Is it practical? The person voting from a villa in Alicante isn’t using the NHS. They’re not watching their energy bills land. They’re not navigating the housing market, not sitting in traffic on roads that haven’t been properly maintained since 2019, not paying a single pound toward the system they’re voting to shape.
Is it logical? Democracy, at its most fundamental, is about shared consequence. You vote, a government is elected, you live with what that government does. Remove the consequence and what remains isn’t democracy.
It’s remote control. And you’re the one being controlled.
What’s the likely outcome if nothing changes? More of the same. Voting blocs abroad, insulated from the policies they’re helping to elect, with strong financial interests in outcomes that don’t touch them personally. Outcomes that touch you. Every single day.
The Fix Is Straightforward.
The answer isn’t a blanket ban. It’s a line. A clear, logical, defensible line.
Serving military. Diplomats. Government employees posted abroad. Short-term workers with genuine return dates. These people remain connected to British consequence. They vote. Of course they vote.
Everyone else who has permanently relocated and removed themselves from the British tax system? The democratic case for their continued ballot paper was already shaky under the old fifteen-year rule. Now that rule has been scrapped entirely, there is no case left to make. The ballot paper has no expiry date. Neither, apparently, does the entitlement.
You chose to leave. That deserves respect. Including the part where choices carry consequences.
Why This Matters Right Now.
There’s a local election coming in May.

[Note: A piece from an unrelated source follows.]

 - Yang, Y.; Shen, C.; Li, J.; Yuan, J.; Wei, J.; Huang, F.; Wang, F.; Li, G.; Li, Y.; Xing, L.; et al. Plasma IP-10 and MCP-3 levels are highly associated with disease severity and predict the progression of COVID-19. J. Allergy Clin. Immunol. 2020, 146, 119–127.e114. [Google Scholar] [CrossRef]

The date isn’t confirmed — but what is confirmed is that the result will affect every person reading this who actually lives, works, pays taxes, and gets up every morning inside British reality.
Every council decision. Every planning application. Every service cut. Every policy that lands on your street before it lands anywhere else.

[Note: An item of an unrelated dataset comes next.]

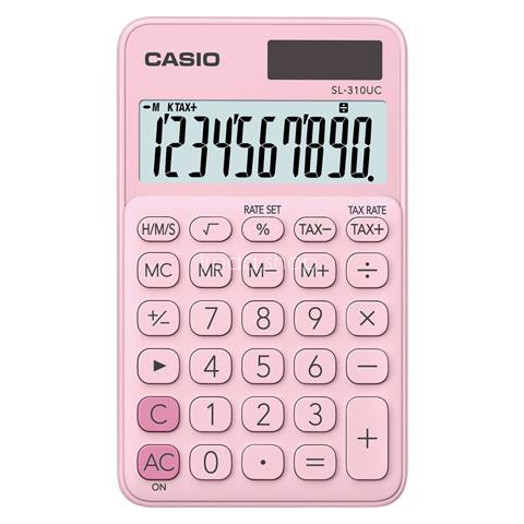 Zsebszámológép, 10 számjegy, CASIO SL 310K, világos rózsaszín - nagy kijelző - kétféle áramforrás (elem + napelem) - trendy colours sorozat - %, +/- gombok - ÁFA számítás - árrés számítás - memória - utolsó számjegy javítása - gyökvonás - id

And in the process that determines all of that — votes are being cast by people for whom the result is, at most, a mildly interesting update about a country they used to live in.

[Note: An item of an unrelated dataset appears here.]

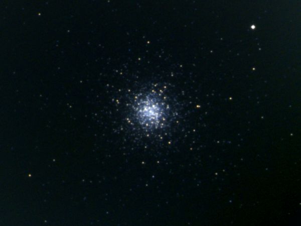口径10cm望遠鏡の低倍率では、丸い星雲状に見える。120倍では周辺が星に分解されて、立体的な丸いボール状に見え、球状星団の美しさを楽しむことができる。

You’re playing your side. You’re contributing. You’re in it, whether you chose to be or not.
Someone in a tax-free apartment in Dubai is also voting on your behalf.
How does that sit with you?
The Question That Doesn’t Go Away.
We started with something simple. Almost too obvious to need saying.
If you don’t live here — why are you voting here?
It doesn’t feel quite so simple now, does it.
Because it isn’t about expats. It isn’t even really about Nigel Farage, who raised it and will move on to the next headline regardless of what follows.
It’s about what democracy actually means. Whether the ballot paper belongs to the people living the reality — paying in, showing up, absorbing the consequences — or whether it’s simply a courtesy extended to anyone who once lived here and hasn’t quite let go.
You’re a British resident. You’re paying your side. You have every right to ask who else is pulling on that rope — and from where.
So ask the question one more time. This time with a local election on the horizon. This time knowing exactly what you now know.
If you don’t live here — why are you voting here?
Hold that thought.
Because nobody in Westminster is holding it for you.